I treated this Citi Bike case study as a stakeholder-style analytics engagement rather than a hired client project. The brief I gave myself was the brief a real mobility operator would write: we have demand imbalances, we need to know where and when, and we need recommendations a non-data person can act on next week. The output is a multi-page dashboard with weather analysis, hourly demand, top stations, an interactive route map, and a recommendations page, built to support decisions, not to look pretty in a meeting.

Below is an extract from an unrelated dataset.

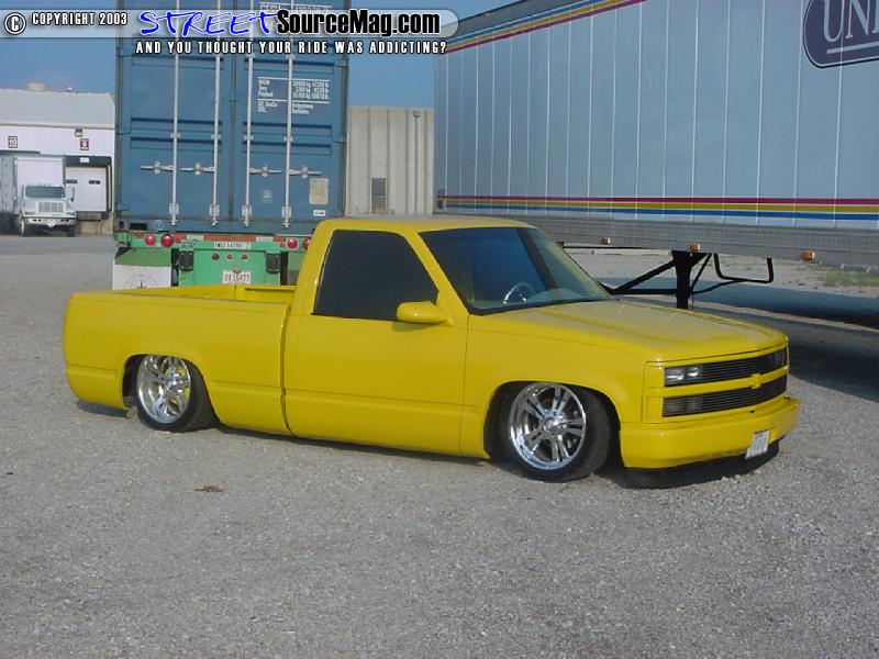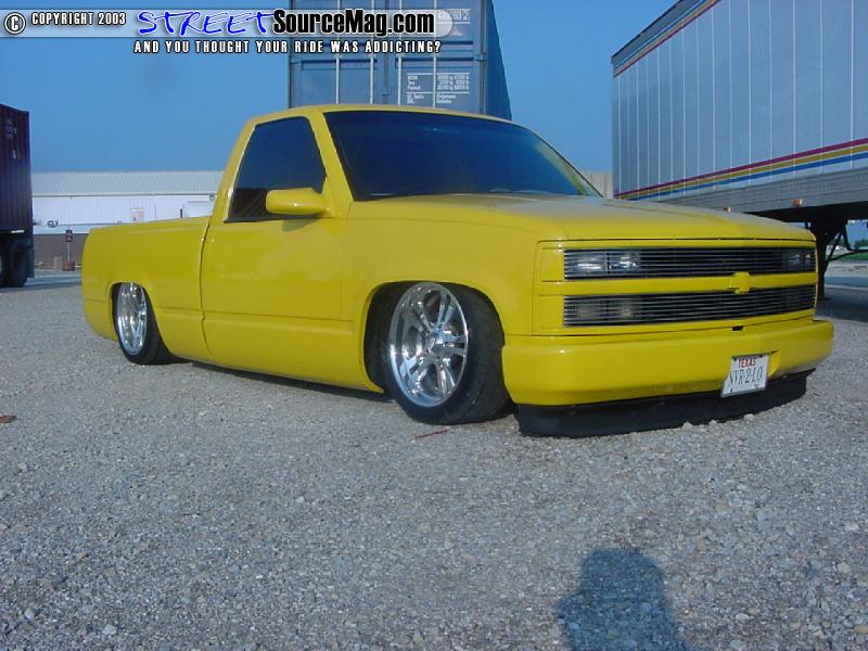 Before the competition yellow was laid down Brian welded up the door handles and antennae hole and ditched the factory taillights in exchange for a set of 98' caddy lights. To add to the exterior Kyle also ditched the factory "elephant ear" mirrors for a set of Street Scene mirrors and added a full phantom billet grill up front.

This Citi Bike case study walks through how raw trip data, weather data, and station-level analysis can be turned into a practical dashboard for mobility decision-making. If you’ve ever wondered what operational visibility looks like when it’s built deliberately for a transport business, this is the longest answer I can give.

In this article

What the Citi Bike Case Study Was Actually Trying to Solve

The goal of this Citi Bike case study was operational, not purely analytical: understand where demand pressure builds, when it happens, and how a bike-share operator could respond. A bike-share operator has one fundamental supply-and-demand problem: bikes need to be available where and when riders want them. Everything else, revenue, customer satisfaction, expansion strategy, flows downstream of that. So the Citi Bike case study was built around four questions a real operations team would need answered:

Where is demand highest, and at which specific stations? When during the day does demand spike, and how predictable are those spikes? How much does weather actually move demand, and is the effect strong enough to plan around? Which station-to-station routes carry the most repeated trips, and what does that imply for rebalancing or expansion?

These are not abstract questions. They map directly to decisions about where to send rebalancing trucks, when to staff up, which stations to expand, and how to plan annual operating budgets. A dashboard that answers those questions is useful. A dashboard that doesn’t is wallpaper.

From 29 Million Trip Records to a Decision Tool

The raw dataset Citi Bike publishes is a series of monthly CSV files. After joining the 2022 files, the combined dataset contained 29,838,806 rows. That number matters because it tells you immediately what kind of project this is. You cannot push 30 million rows directly into a dashboard and expect it to load, let alone filter and chart in real time.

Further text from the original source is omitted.